Insulin Assay Principle

This is an indirect sandwich ELISA kit. A “sandwich” is formed when both a capture anti-Insulin antibody and a detection anti-Insulin antibody bind Insulin. The detection antibody is directly linked to horseradish peroxidase. After incubation, unbound components are washed away. Bound anti-Insulin detection antibody is measured by the reaction of the horseradish peroxidase enzyme to the substrate tetramethylbenzidine (TMB). This reaction produces a blue color. A yellow color is formed after stopping the reaction with an acidic solution. The optical density is read on a standard plate reader at 450 nm. The amount of anti-Insulin detection antibody is directly proportional to the amount of Insulin present in the sample.

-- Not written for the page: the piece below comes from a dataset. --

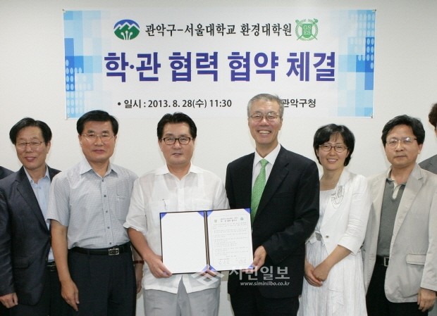 28일 서울 관악구는 서울대학교 환경대학원과 관악구 도시, 환경관련 분야 전반에 걸쳐 유기적인 협력체계 구축을 위한 양해각서(MOU)를 체결했다. 사진은 관악구청에서 열린 협약식 체결 모습.

References & Salivary Insulin Research

  1. Goodson, JM, et al. (2014). Metabolic Disease Risk in Children by Salivary Biomarker Analysis. PLoS One. 9(6): e98799.
  2. Fekete Z, et al. (1993). Salivary and plasma insulin levels in man. Biochem Mol Biol Int. 30(4): 623–629.
  3. Fabre B, et al. (2012). Measurement of fasting salivary insulin and its relationship with serum insulin in children. Endocr Connect. 1(2): 58–61.
  4. Hartman ML, et al. (2016). Unhealthy Phenotype as Indicated by Salivary Biomarkers: Glucose, Insulin, VEGF-A, and IL-12p70 in Obese Kuwaiti Adolescents. J Obes. 2016: 6860240.
  5. Ebbeling CB, et al. (2002). Childhood obesity: public-health crisis, common sense cure. Lancet. 360(9331):473-82.
  6. Zhao X, et al. (2016). Using Metabolomic Profiles as Biomarkers for Insulin Resistance in Childhood Obesity: A Systematic Review. J Diabetes Res. 2016:8160545.
  7. D’Adamo E, et al. (2011). Type 2 diabetes in youth: epidemiology and pathophysiology. Diabetes Care. 34 Suppl 2:S161-5.
  8. Hayashi T, et al. (2013). Patterns of Insulin Concentration During the OGTT Predict the Risk of Type 2 Diabetes in Japanese Americans. Diabetes. 36(5): 1229-1235.